(Items listed in a dataset)
* * * * * * *

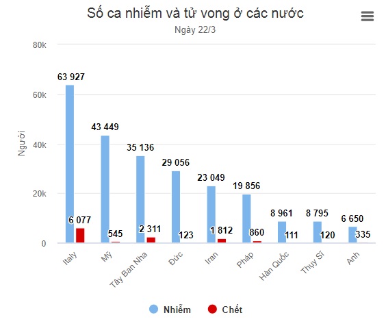Italy, vùng dịch lớn nhất châu Âu và lớn thứ hai thế giới, ghi nhận 63.927 ca nhiễm và 6.077 người chết, tăng lần lượt 4.789 và 601 ca. Tỷ lệ tử vong ở nước này khoảng 9,5%, cao gấp đôi trung bình toàn cầu. Dân số già và bệnh viện quá tải là hai trong số các nguyên nhân khiến tỷ lệ tử vong ở Italy đặc biệt cao.
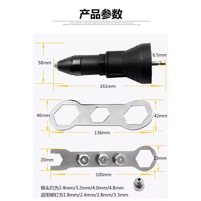 电动铆钉枪 抽芯拉铆枪转换头 拉铆抢铆钉抢拉钉抢拉卯抢铆钉枪头
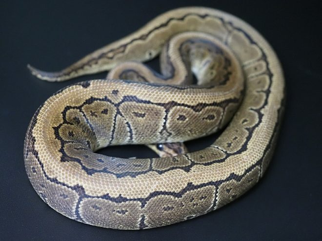 パターンレスposshetオレオゴースト。オレオでしかも全体にモヤっとした脱皮前のような色合いになるオレオゴーストの遺伝子を持っている可能性があるので、繁殖させた時どんな個体が出るのかが楽しみなのだそう。オレオは掛け合わせによってさまざまな体色や模様が期待できるので、繁殖をメインに飼育する人には人気があります。
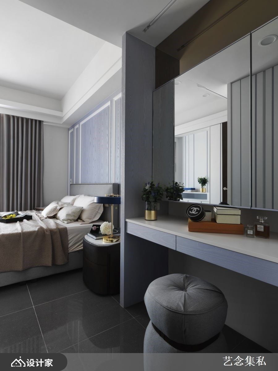 卧室空间除了要安排一张舒适的床铺之外,对于许多女性来说化妆台更是私密空间里最重要的角落。艺念集私空间设计张绍华、黄千祝总监面对女性在意的化妆台设计绝不是只放置一张活动桌而已,而是根据房内空间和屋主使用习惯做安排。将梳妆空间安排在通往独立更衣间的入口,营造顺手的动线、也避免化妆镜对着床铺;两个女孩的房间在床尾两侧分别规划化妆台,壁龛式设计能有效利用空间;若面对比较小坪数的空间则可将梳妆台和系统柜整合在一起,化妆台的灯饰与色调也必须和空间风格呼应,用美的设计成就爱美的女性。
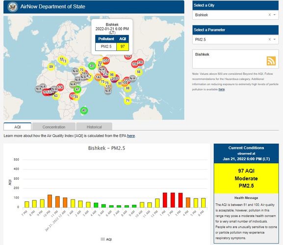 Посольство США в Кыргызстане также установило станцию. Информация обновляется каждый час. Индекс качества воздуха в районе дипломатической миссии — 50 (AQI).
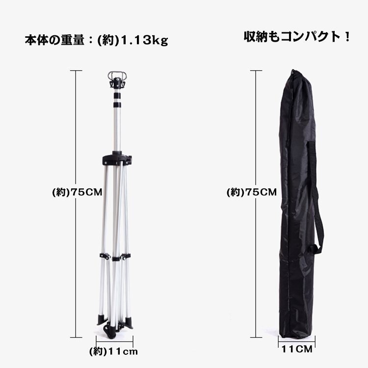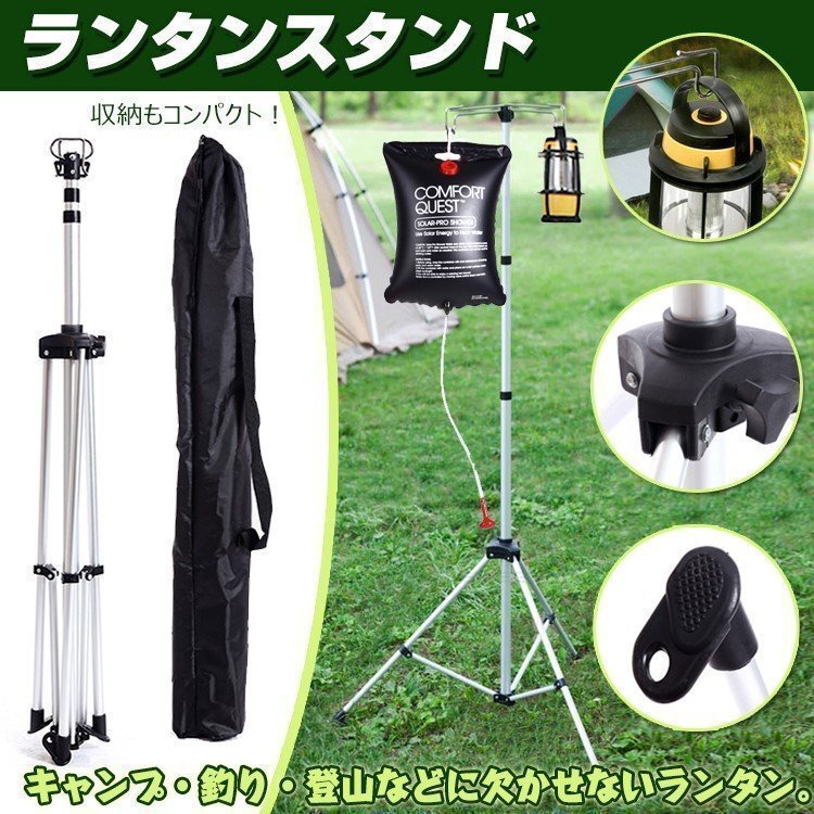 【商品内容】:ランタンスタンド 【サイズ】:(約)幅55cm×奥行47cm 【高さ調整】:(約)87.5cm?195cm 【収納サイズ】:(約)75cm×11cm 【重量】:(約)1.13kg 【素材】:アルミ 【耐荷重】:(約)20kg
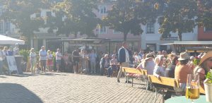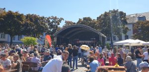Wir gingen erstmal eine Runde um das Fest und schauten uns alle Karten an. Tani entschied sich dann für einen Stand nahe der Bühne und wollte einen Würzer bestellen. Leider wurde Sie vertröstet, da sie diesen nicht mer hatten, empfehlten aber einen anderen, rose Wein, den Tani dann als kleines Glas (0,1L) nahm. Dieser war sehr gut, wohl das erste Mal, dass Tani so einen lieblichen in rose hatte. Danach ging es weiter zum nächstem Weinstand, an dem es ebenfalls nur Alternativen gab. Tani nahm direkt ein 0,2er Glas, leider war der Wein dann doch nicht so gut und sehr sauer. Auf der Bühne stellte sich in der Zwischenzeit ein Orchester namens „Mr. Queens Big Band“ aus der Marienschule Xanten auf, was unter Anderem Songs von den Beatels spielte. Wir bekamen zwischendurch einen Sitzplatz auf einer Bierbank mit Tisch, an dem Tani und ich uns relativ lange gegenübersitzend aufhielten.
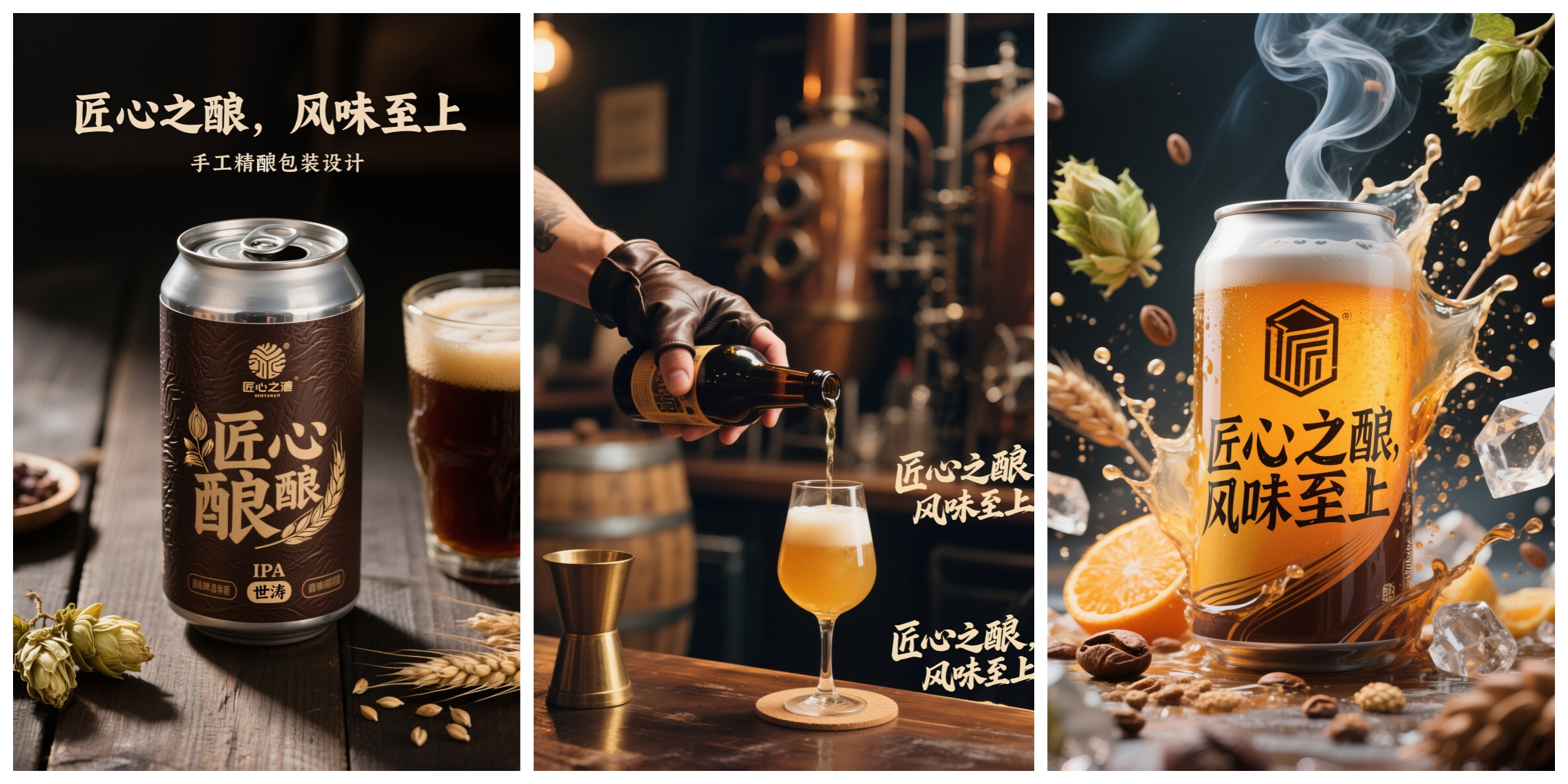 包装设计概念海报: 展示一款手工精酿啤酒的包装设计理念。
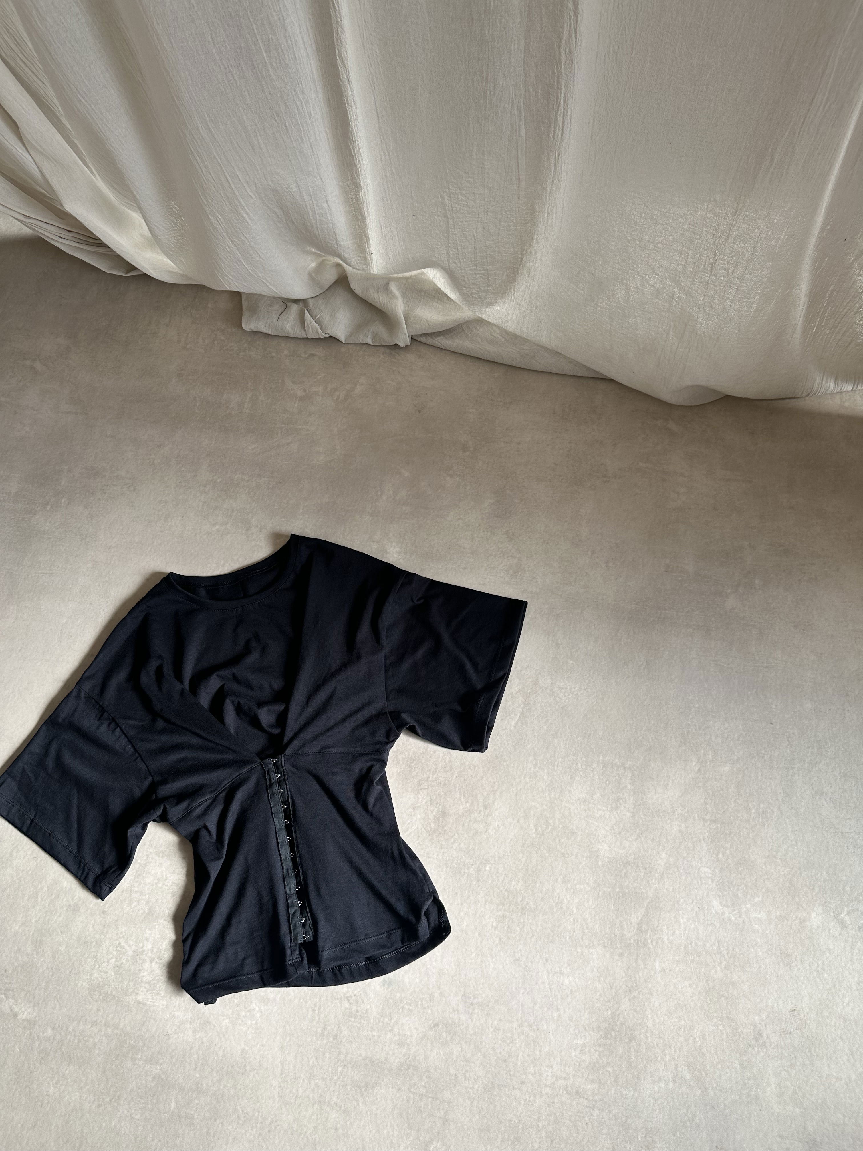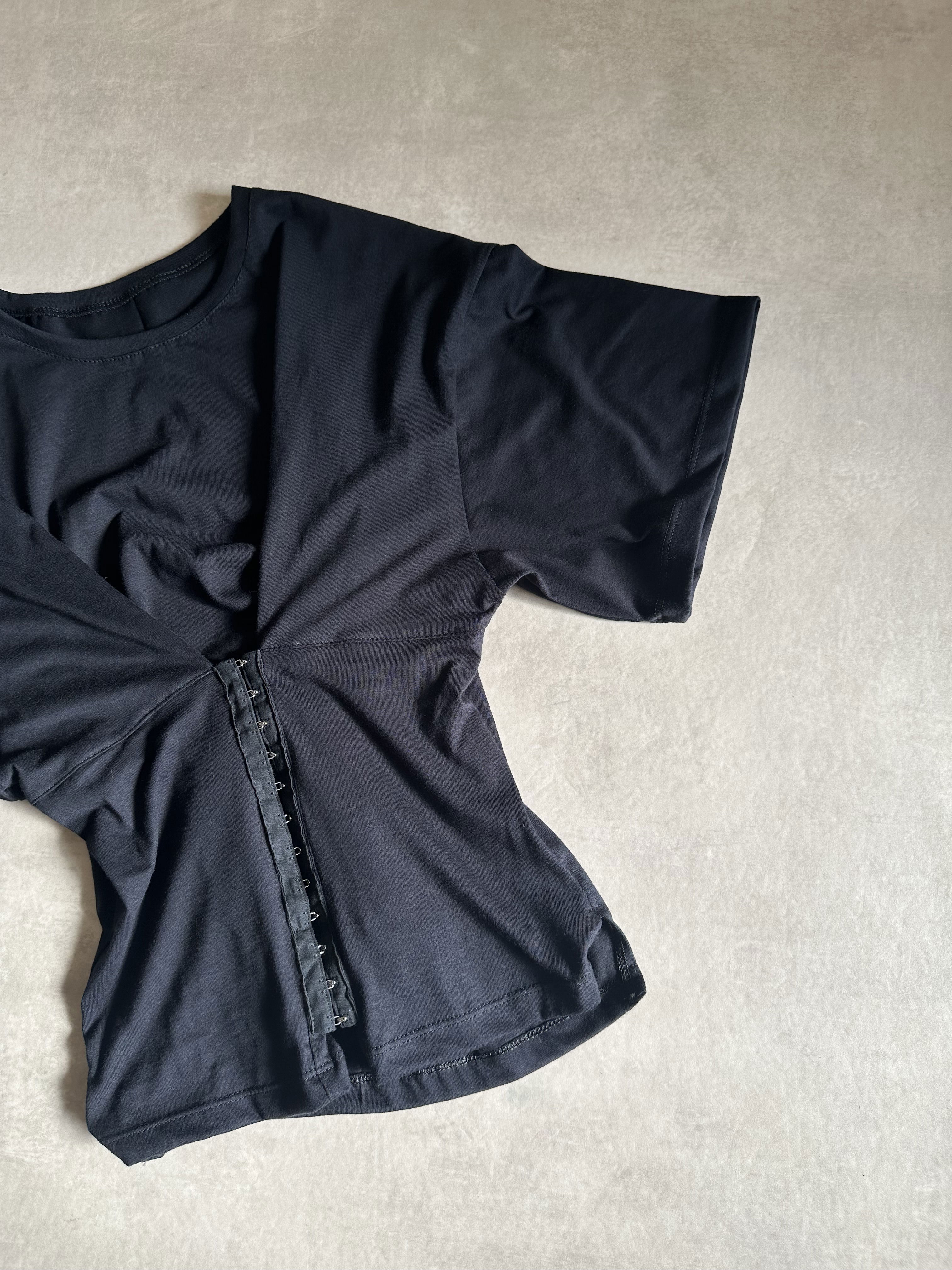 Remera de algodón con detalle de broches en el frente que al cerrarlo se transforma en corset

* * * * * * *

EXERCISE REQUIREMENTS: Please reproduce, word for word, every line from the first line of the records above through the line containing "卧室空间除了要安排一张舒适的", and leave out the pictures.

TASK SOLUTION:
Italy, vùng dịch lớn nhất châu Âu và lớn thứ hai thế giới, ghi nhận 63.927 ca nhiễm và 6.077 người chết, tăng lần lượt 4.789 và 601 ca. Tỷ lệ tử vong ở nước này khoảng 9,5%, cao gấp đôi trung bình toàn cầu. Dân số già và bệnh viện quá tải là hai trong số các nguyên nhân khiến tỷ lệ tử vong ở Italy đặc biệt cao.
 电动铆钉枪 抽芯拉铆枪转换头 拉铆抢铆钉抢拉钉抢拉卯抢铆钉枪头
 パターンレスposshetオレオゴースト。オレオでしかも全体にモヤっとした脱皮前のような色合いになるオレオゴーストの遺伝子を持っている可能性があるので、繁殖させた時どんな個体が出るのかが楽しみなのだそう。オレオは掛け合わせによってさまざまな体色や模様が期待できるので、繁殖をメインに飼育する人には人気があります。
 卧室空间除了要安排一张舒适的床铺之外,对于许多女性来说化妆台更是私密空间里最重要的角落。艺念集私空间设计张绍华、黄千祝总监面对女性在意的化妆台设计绝不是只放置一张活动桌而已,而是根据房内空间和屋主使用习惯做安排。将梳妆空间安排在通往独立更衣间的入口,营造顺手的动线、也避免化妆镜对着床铺;两个女孩的房间在床尾两侧分别规划化妆台,壁龛式设计能有效利用空间;若面对比较小坪数的空间则可将梳妆台和系统柜整合在一起,化妆台的灯饰与色调也必须和空间风格呼应,用美的设计成就爱美的女性。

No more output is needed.